At these times, student loans really come in handy as they ensure that no brilliant candidate suffers due to the lack of money. The number of students opting for higher education abroad has increased exponentially in the past two decades. Also, there is a drastic increase in the number of students opting for overseas education loan due to increase in the expenses of quality education abroad. Loans with reputed institutions can now be taken easily as long as proper documentation is adhered to.

Apart from the tuition fees, there are many other expenses that students abroad incur such as housing, meals, insurance and transportation to name a few. Today there are numerous lenders offering loans to students. Depreciation in Indian rupee and cost of education loan are only adding to the cost of education abroad therefore, parents are advised to do some serious financial planning. Foreign exchange is another vital aspect to consider while planning your expenses for education abroad.

Intensive research on interest rates and forex rates being provided by various banks, financial institutes and fintech startups is vital. Here is all that you must keep in mind before applying for a student loan:

Compare interest rates: Banks in India offer student loans for studies abroad at different interest rates. For example while ICICI banks offers a loan of up to Rs 20 lakh at an annual interest rate of 15 per cent, SBI offers an interest rate of 13.75 per cent for amounts between 4-7.5 lakh and 11.75 per cent for over Rs 7.5 lakh. However, there are different coverages under the loan that must also be considered, like inclusion of tuition fees, travel expenses, cost of hostel and cost of books etc. which are a part of the loan clauses. The loan that overall suits your requirement must be pursued.

Check for banks in liaison with your future institution for concessions: Certain universities abroad are recognised by some of the leading lenders in the country and have a student loan liaison with them. Always check this aspect before taking up the loan. You may also want to consider the fact that the loan amount that you apply for and may not really match the actual amount you receive owing to currency rate fluctuations. Therefore, for forex requirements, always choose a currency exchanger that hedges you from the market fluctuations by offering live rates.

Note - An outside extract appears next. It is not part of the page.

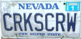 Reno, Nevada - When Larry Gralla relocated to the Silver State, he adorned his car with a CRKSCRW license plate. Now his Beamer has an even fancier CRKSCRW (photo below).

Keep all documents ready: A loan is a complicated process and wherever money is involved, documentation will be involved. As you survey the banks for their loan process, also check on the list of documents needed for applying for a student loan for overseas education.

You will need a cosigner: Any student loan for a value over Rs5 lakh will require a cosigner. This is mostly a parent who will be a joint owner of the loan and will have to agree to pay the debt in case you are unable to pay back the loan on time. The cosigner will need to have a good credit record and will also need to submit certain documents for your loan to get through.

Check for repayment period clause: Most loans have a moratorium period after which you are needed to pay back the money through EMIs. Check this clause carefully as you need to arrange for the money to be paid back after the said duration and accordingly arrange for it or pick up a part time job.

Banks are extremely cautious while disbursing the loans owing to the bad loans that they have to suffer. So, keeping your papers in order may help you to speed up your process and take you a step closer to your dream of studying abroad.

The writer is chief exeucutive officer and co-founder, Bookmyforex.